WHAT TO DO »
Would you copy the listing below exactly, keeping the pictures out?

INFORMATION SHOWN »
^^^^^^^^^^^^^^^^

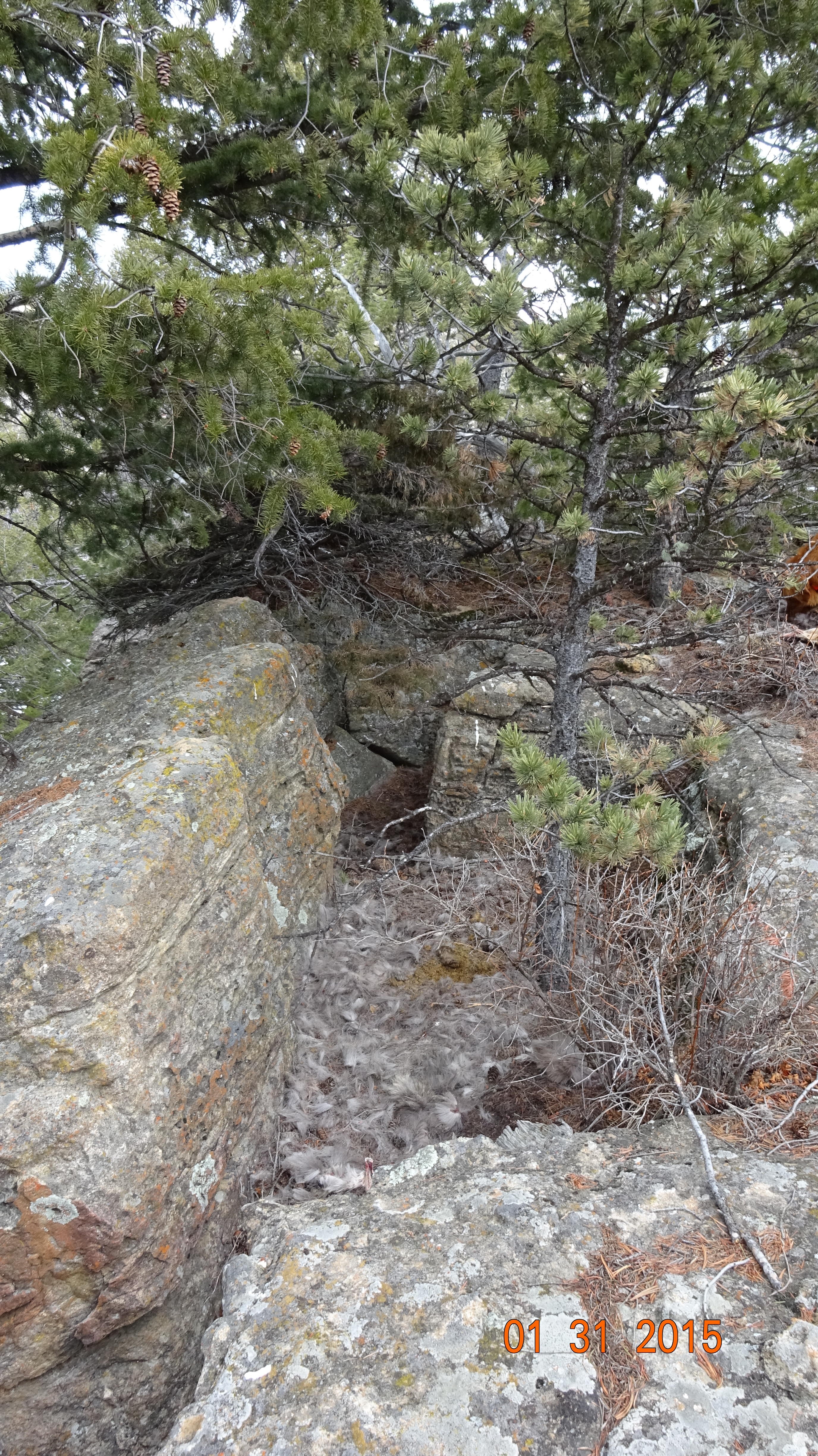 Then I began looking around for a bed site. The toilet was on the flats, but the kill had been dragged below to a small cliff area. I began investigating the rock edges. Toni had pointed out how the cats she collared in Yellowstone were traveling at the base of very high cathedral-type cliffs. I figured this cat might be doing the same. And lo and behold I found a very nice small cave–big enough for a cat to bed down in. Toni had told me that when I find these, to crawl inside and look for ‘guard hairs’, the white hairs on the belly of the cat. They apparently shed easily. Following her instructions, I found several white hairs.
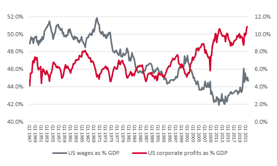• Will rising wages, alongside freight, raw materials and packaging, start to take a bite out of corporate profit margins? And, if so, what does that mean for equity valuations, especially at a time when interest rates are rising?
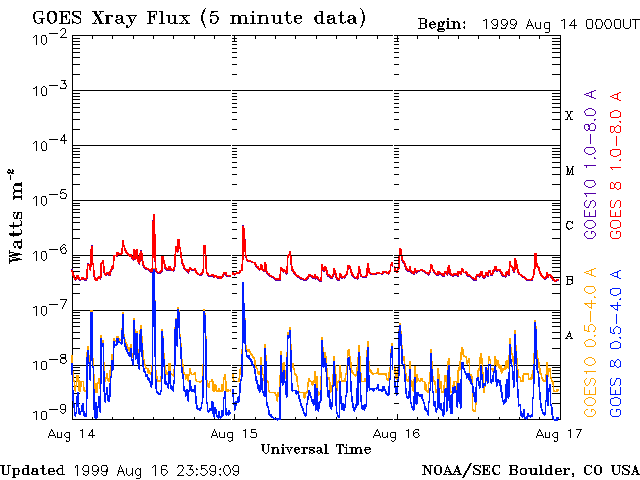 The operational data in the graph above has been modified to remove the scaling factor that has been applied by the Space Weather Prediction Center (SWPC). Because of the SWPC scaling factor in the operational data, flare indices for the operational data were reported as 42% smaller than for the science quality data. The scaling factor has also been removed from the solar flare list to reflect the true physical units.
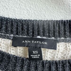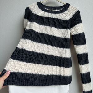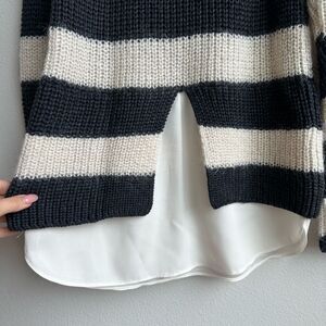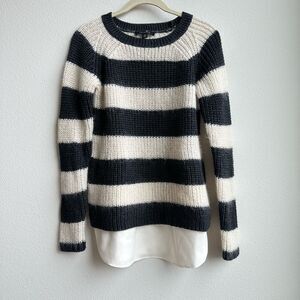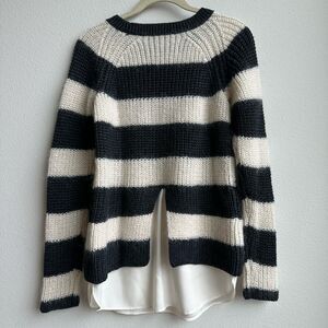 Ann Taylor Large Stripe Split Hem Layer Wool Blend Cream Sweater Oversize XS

^^^^^^^^^^^^^^^^

SOLUTION »
 Then I began looking around for a bed site. The toilet was on the flats, but the kill had been dragged below to a small cliff area. I began investigating the rock edges. Toni had pointed out how the cats she collared in Yellowstone were traveling at the base of very high cathedral-type cliffs. I figured this cat might be doing the same. And lo and behold I found a very nice small cave–big enough for a cat to bed down in. Toni had told me that when I find these, to crawl inside and look for ‘guard hairs’, the white hairs on the belly of the cat. They apparently shed easily. Following her instructions, I found several white hairs.
• Will rising wages, alongside freight, raw materials and packaging, start to take a bite out of corporate profit margins? And, if so, what does that mean for equity valuations, especially at a time when interest rates are rising?
 The operational data in the graph above has been modified to remove the scaling factor that has been applied by the Space Weather Prediction Center (SWPC). Because of the SWPC scaling factor in the operational data, flare indices for the operational data were reported as 42% smaller than for the science quality data. The scaling factor has also been removed from the solar flare list to reflect the true physical units.
 Ann Taylor Large Stripe Split Hem Layer Wool Blend Cream Sweater Oversize XS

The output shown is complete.